Spreadsheets are very useful tools, but they also have some problems. One issue is that the way cells are labeled with letters and numbers can feel unfriendly. Many people who use spreadsheets haven’t had formal training, and often no one checks their work for mistakes. Research suggests that about 1% of all formulas in spreadsheets may be wrong.

Spreadsheets can be tricky to use for complex tasks because each cell must be handled one at a time. It’s easy to forget what each cell means, especially when there are many. Using named variables instead of cell addresses can help make spreadsheets easier to understand and check for errors. When a formula needs to be changed, it can be difficult if it appears in many cells. Changing the size of a table by adding or removing rows and columns can also be very time-consuming and sometimes requires starting over.

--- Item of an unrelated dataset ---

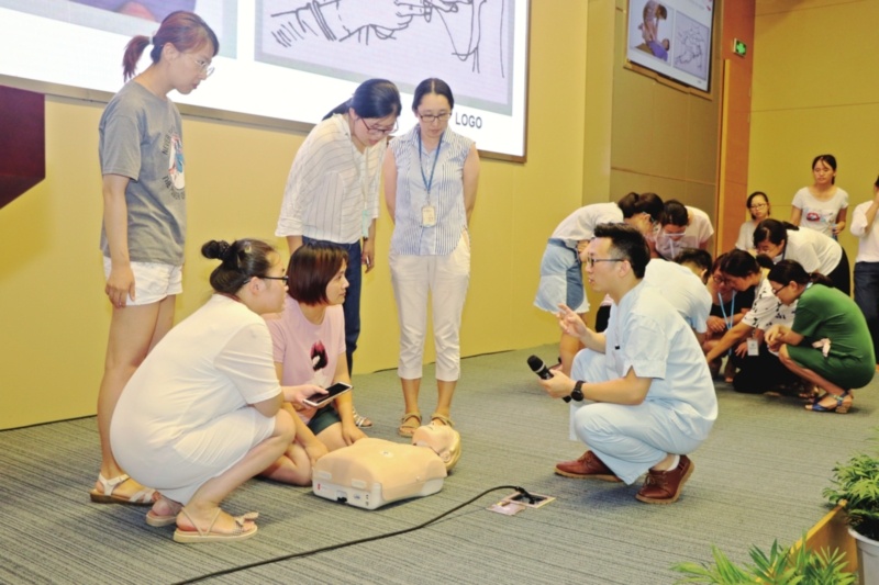 苏报讯(科医萱)9月26日下午,“第一时间救援”急救大行动走进苏高新集团及苏高新股份。课程由苏州科技城医院门急诊科护士李伟主讲,他向大家介绍了常见意外伤害护理及儿童急救知识,重点介绍并现场演示了心肺复苏技能。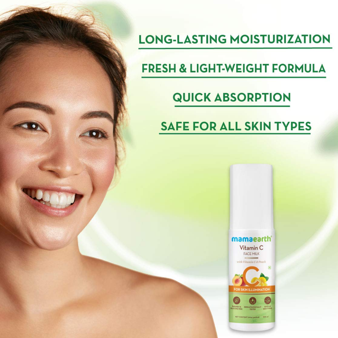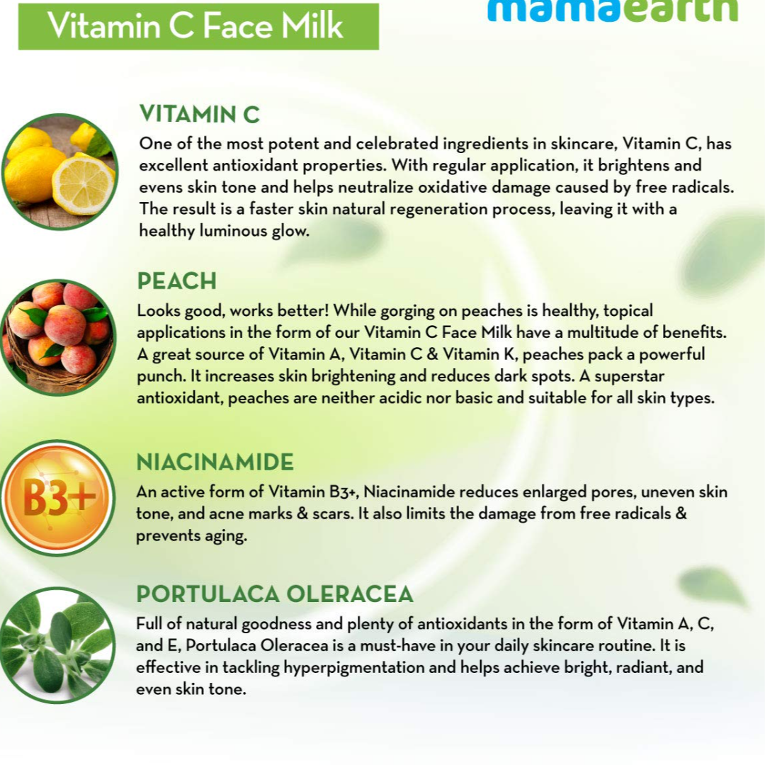 Mamaearth Vitamin C Face Milk is a concoction of nature’s most effective ingredients, like Vitamin C and Peach. The Face Milk dissolves into the skin, giving you a moisture boost. One of the most celebrated ingredients in skincare, Vitamin C is rich in antioxidants and fights free radical damage. Vitamin C, along with Peach and Portulaca Oleracea helps fade pigmentation, reduce dullness, promote collagen production, and prevent the appearance of wrinkles and fine lines. Niacinamide, an active form of Vitamin B3+, further reduces enlarged pores, uneven skin tone, and prevents aging.

Working together on spreadsheets can be challenging when everyone is editing individual cells.

There are other problems too. Some people think other types of software might be better for certain tasks like budgeting or statistics. Older versions of a popular spreadsheet program could only handle a limited number of rows and columns, which caused problems with large amounts of data. Without proper checks, it’s easy for mistakes or even intentional errors to slip into spreadsheets. Because spreadsheets don’t always track who made changes or when, it can be hard to follow rules or catch errors. Despite these issues, tools exist to help improve spreadsheets, but many users aren’t aware of them or don’t use them.

Spreadsheet risk

Further information: Financial modeling § Accounting, and List of spreadsheet mistakes

Spreadsheet risk is the chance of getting the wrong answer from a spreadsheet that people use to make important decisions. This can happen when someone puts in the wrong numbers, makes a mistake in the calculations, or forgets to update important information, like exchange rates. These errors can sometimes cost very large amounts of money.

Even though these mistakes can be serious, studies show that many big companies don’t have strong rules to check their spreadsheets. This means mistakes can more easily happen. In one famous case, a student found big mistakes in a spreadsheet that was used to support important economic decisions.